My son is young, not quite 6 yrs. old, yet I've been teaching him how to be a gentleman. He is proud of himself when he uses his manners & holds doors- he has adopted the 'ladies first' mentality when it comes to serving his dinner, etc..He's rough & tumble, a great little athlete already & very loving..so pretty well rounded already

I'm wondering, how do I continue to raise him so that he has respect for women, as well as FOR HIMSELF. 
See, I know there is a fine line between putting a woman first & sacrificing yourself completely for her. I know man-hood is far down the line, but I believe what he's learning now will pave the way for the man he becomes..
His father is a great role-model as well..I'm asking this question because I am with him more often than his father, so I want to be sure I'm guiding him the right way, confident & balanced!
Thank you for any insight you provide!
_Posted via Mobile Device_


----------



## lamaga (May 8, 2012)

If you are both good role models and teaching him good manners and strong values, then I wouldn't worry.

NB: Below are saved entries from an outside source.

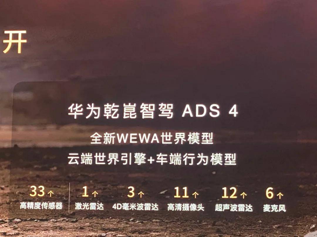 頂配智境乾崑版,更是搭載華為乾崑智駕ADS 4,配備33個高精度傳感器,包括1個激光雷達、3個4D毫米波雷達、11個高清攝像頭、12個超聲波雷達、6個麥克風,可實現全域NCA領航輔助……
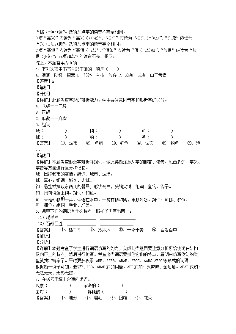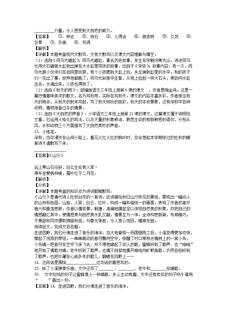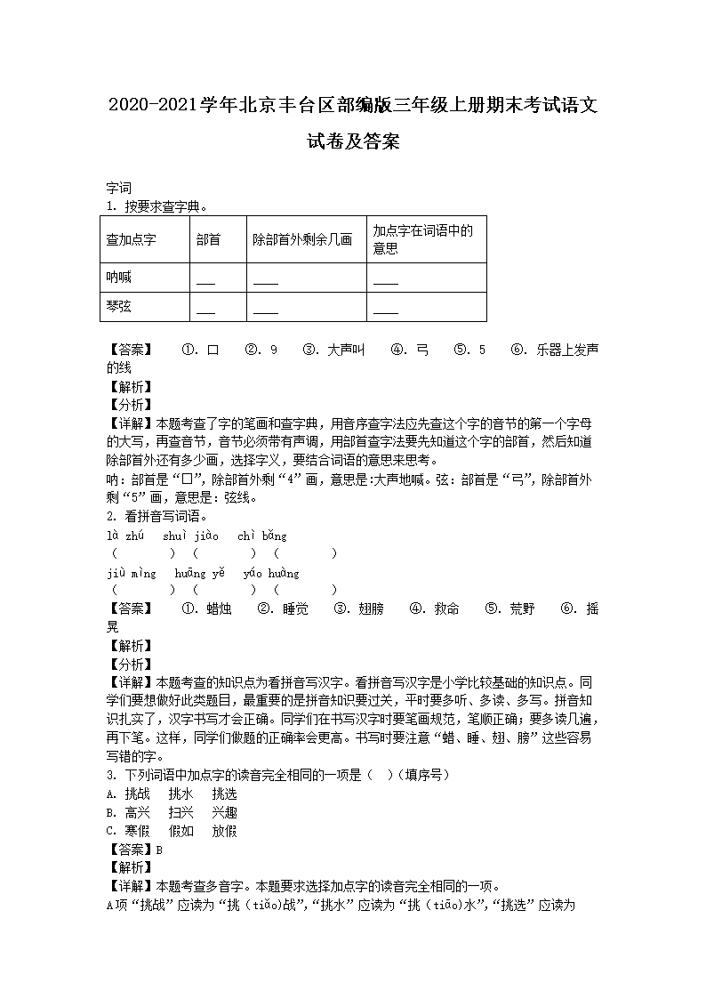 2020-2021学年北京丰台区部编版三年级上册期末考试语文试卷及答案(Word版)07-28
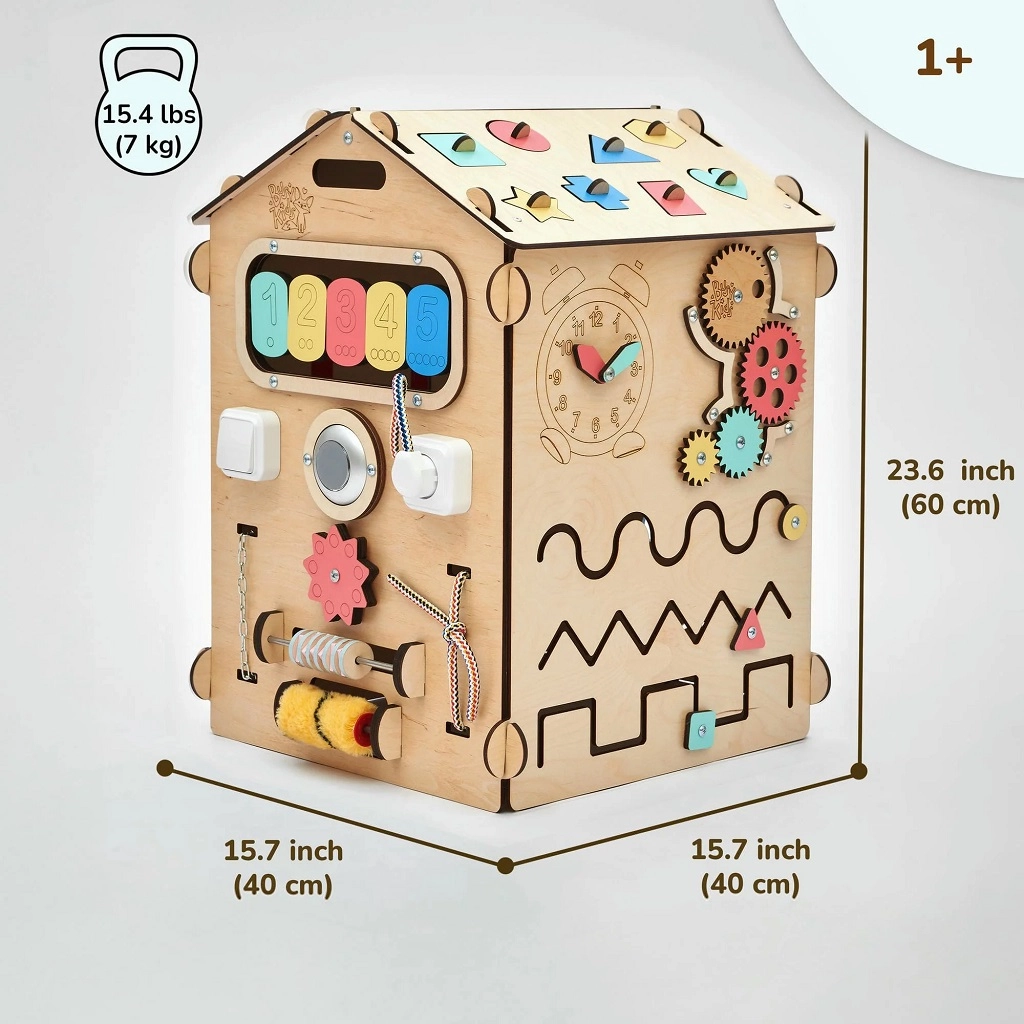 Découvrez la maison d’activités Montessori BusyKids en finition naturelle – un jouet durable, écologique et fabriqué à la main qui développe la motricité fine, la créativité et la pensée logique des enfants. Elle propose de nombreux éléments interactifs (fermetures éclair, velcro, boutons, réveil, puzzle, ardoise) et convient aux enfants à partir de 1 an. Fabriquée en contreplaqué de bouleau de qualité avec des vernis à base d’eau sûrs, sans vis, avec des assemblages rivetés et certifiée CE et EN 71.
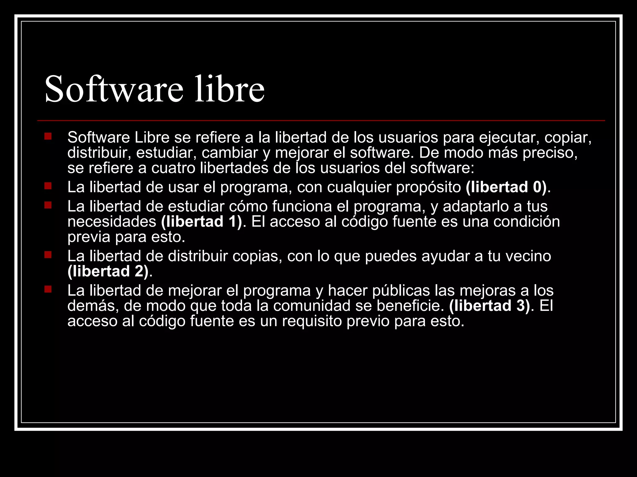 El documento contrasta el software libre y el software propietario. Define el software libre como aquel que otorga a los usuarios cuatro libertades: usarlo para cualquier propósito, estudiar y modificar su código, distribuir copias, y mejorarlo y compartir mejoras. El software propietario limita estas libertades al restringir el uso, modificación o redistribución del software o no proveer acceso a su código fuente.

This sentence, for example? "See, I know there is a fine line between putting a woman first & sacrificing yourself completely for her."

That's not about your son. Is it?

He sounds like a great kid, and you sound like wonderful parents. So stop worrying. Trust me, childhood brings plenty of worries, you don't need to borrow any.


----------



## gofish (Mar 16, 2012)

It sounds like you're doing a great job raising your son already, karma*girl! Teaching your son to respect others, no matter who they are, is an important lesson and will benefit him greatly in life. And you're right—the principles he learns now will stick with him for the rest of your life, so you're smart to invest the time with him now.
I have two sons myself, ages 14 and 4. They are very different from each other personality-wise, but we have made an effort to emphasize treating one another with respect. Everyone in life—family members, friends, and coworkers—wants to be valued and treated well, and when we show others that courtesy, they're more likely to return it. If your son can learn this lesson at an early age, it will make the whole process easier.
Given your attention to this matter, you might want to check out some resources on this topic. There's a couple books on raising boys that I've learned about through my work with Focus on the Family that I have found helpful. Here and here are links to them if you're interested. Keep up the good work and God bless!


----------



## OhGeesh (Jan 5, 2010)

Cosistant, fair, loving, etc etc etc in the end they will become adults and do what THEY choose.

I've seen countless kids grow up in awesome homes only to hit 17-18 and completely throw it away for a couple of years. At the same time I've seen the complete opposite happen too.

You sound like you are doing great.......


----------